> _Task goal_
Skip the pictures, please, and write out exactly the lines from the opening of the data through the line containing "Pitkä tikattu turkki".

> _Data extracted from a collection_

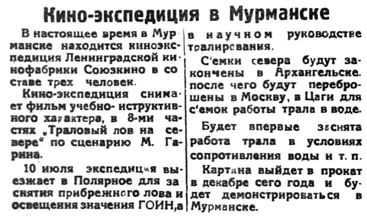 В настоящее время в Мурманске находится киноэкспедиция Ленинградской кинофабрики Союзкино в составе трех человек.
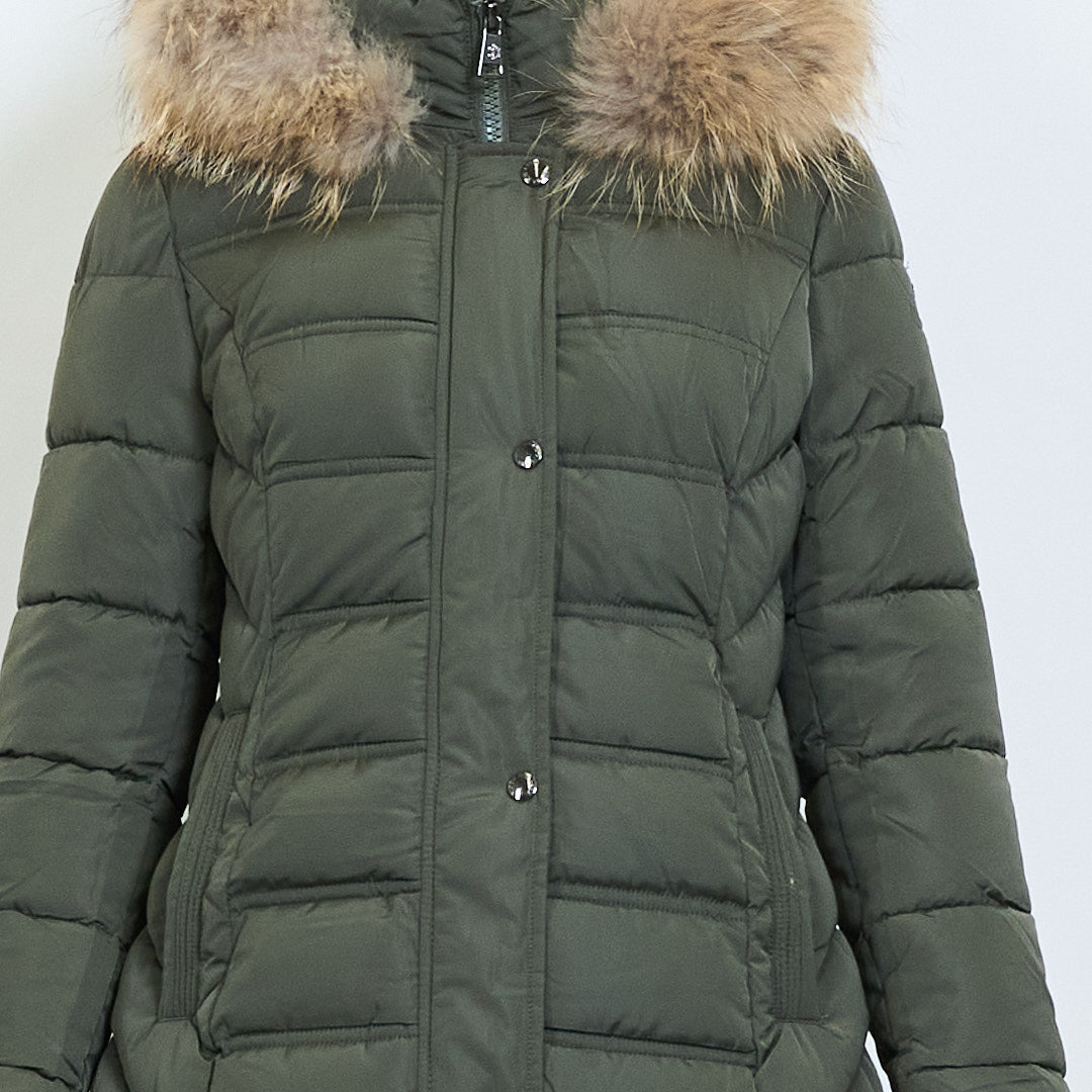 Pitkä tikattu turkki irrotettavalla faux -turkishousulla tukkumyynti
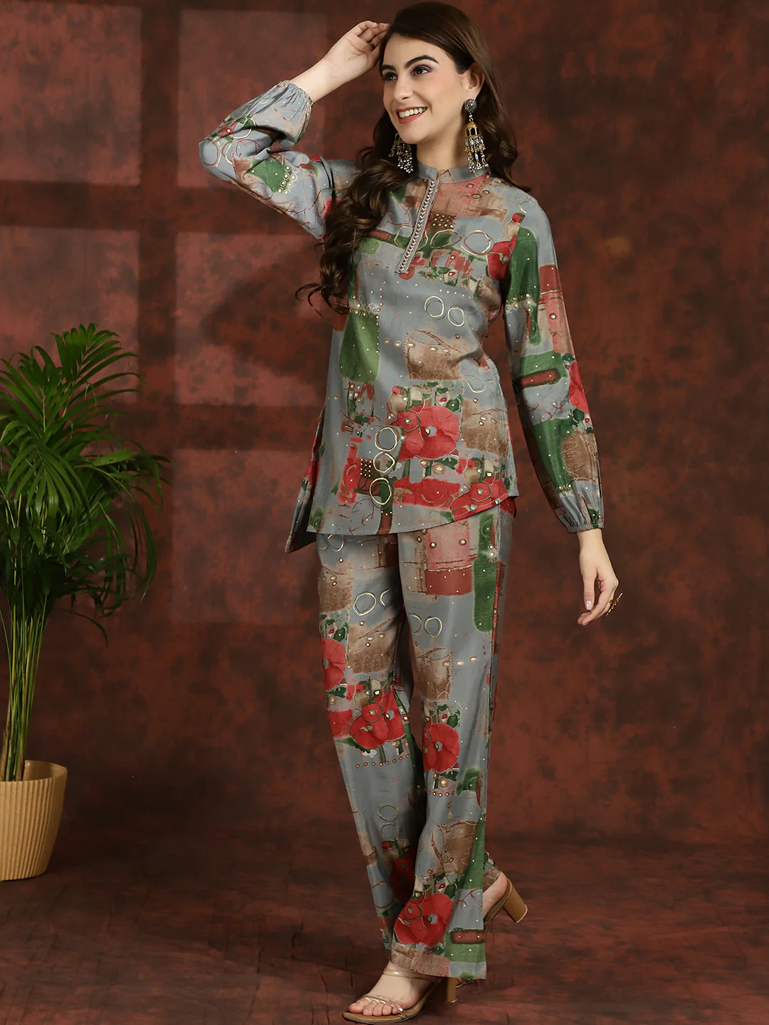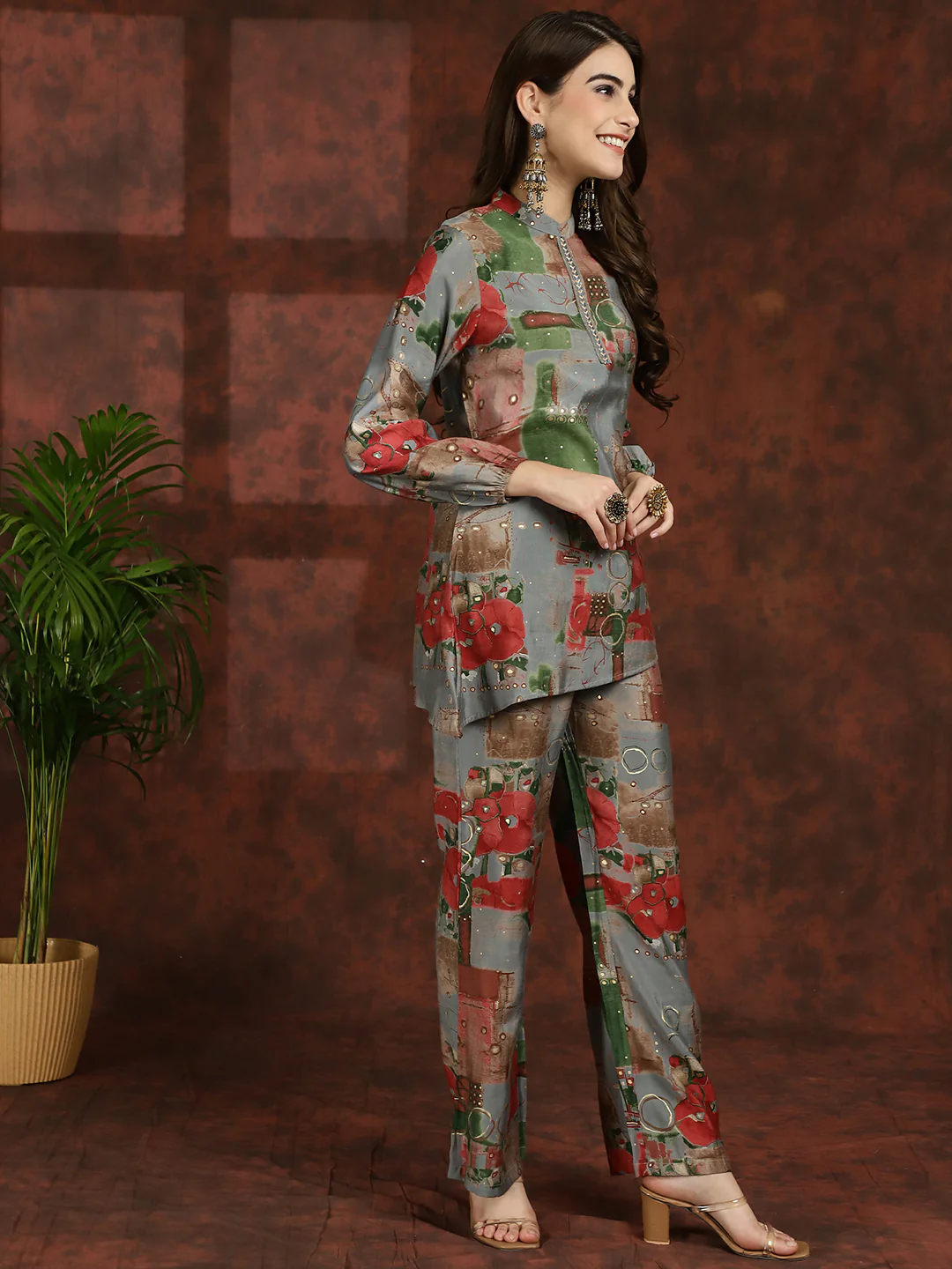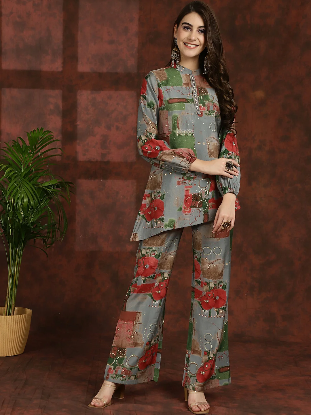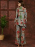 Embrace the elegance of tradition with our Grey Blossom Ensemble, a graceful co-ord set designed to elevate your ethnic wardrobe effortlessly. Crafted from exquisite Chanderi Silk fabric, this set features a Grey Floral Printed Tunic paired with matching Mid-Rise Palazzos, perfect for ethnic occasions. The tunic showcases a sophisticated Mandarin Collar, Long Sleeves, and a hook closure, exuding timeless charm and sophistication. Complementing the tunic, the palazzos offer a comfortable fit with a slip-on closure and a flattering flared hem, ensuring both style and comfort. Adorned with delicate floral prints in shades of grey, this ensemble radiates understated elegance and traditional allure. Whether you're attending a festive celebration or a cultural event, the Grey Blossom Ensemble will ensure you stand out with effortless grace and style.
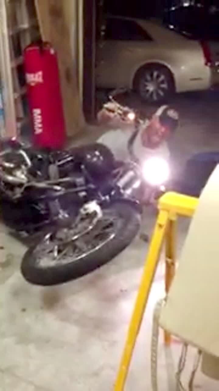 Man in a jacuzzi tries to get cockatoo to laugh. Man puts his face next to bird & makes noises, bird jumps at man's face & bites his nose. Bird falls into jacuzzi. NIGHT SHOT.
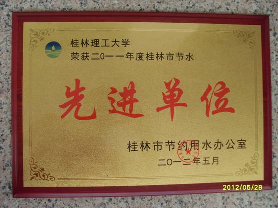 我校获得“2011年度桂林市节约用水先进单位”荣誉称号
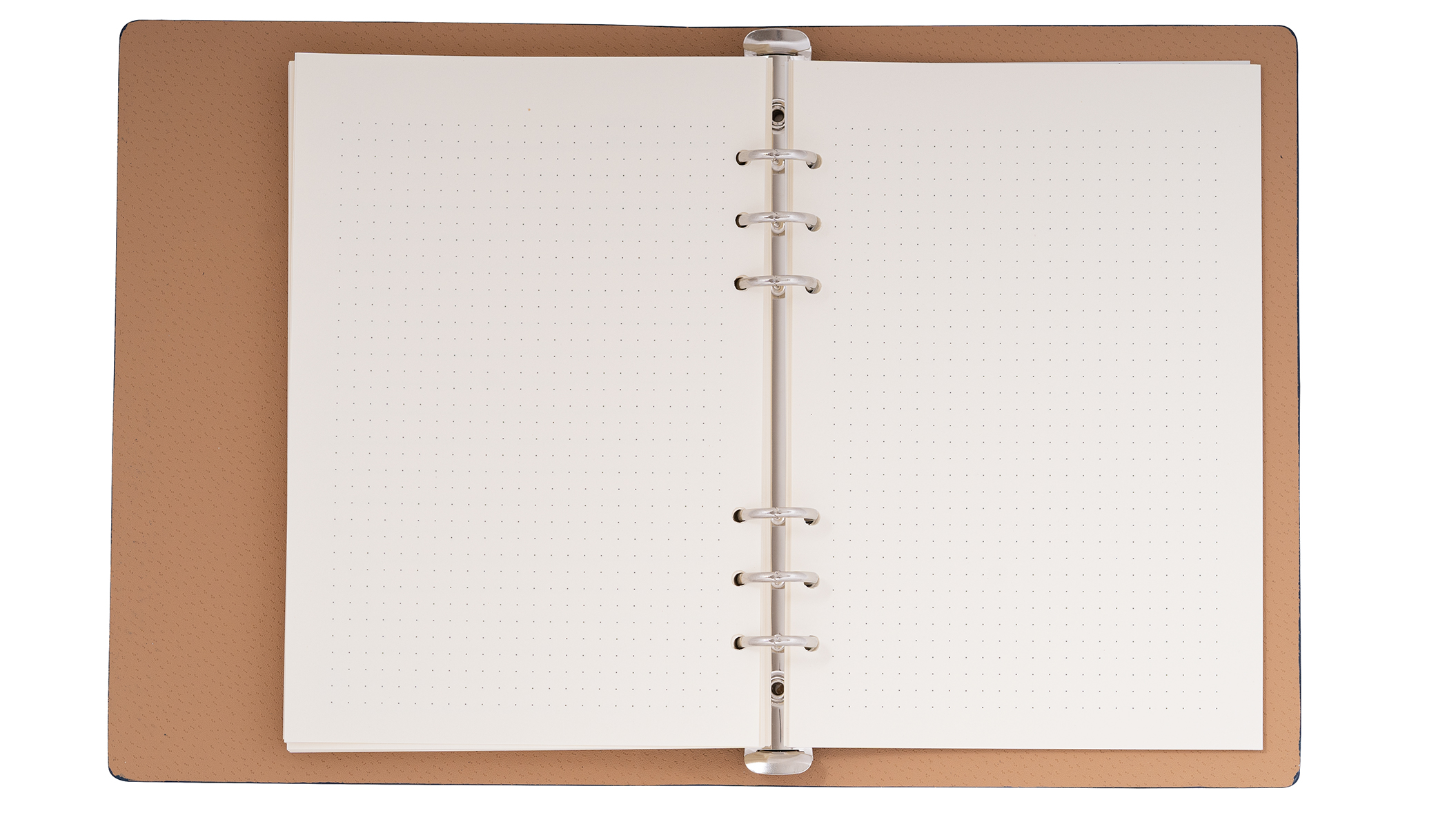 Стилен бележник-органайзер, формат A5 със спирала и твърди корици от ЕКО кожа. Тялото на бележника е съставено от календар и 200 броя тонирани страници на редове и точки

> _Final answer_
 В настоящее время в Мурманске находится киноэкспедиция Ленинградской кинофабрики Союзкино в составе трех человек.
 Pitkä tikattu turkki irrotettavalla faux -turkishousulla tukkumyynti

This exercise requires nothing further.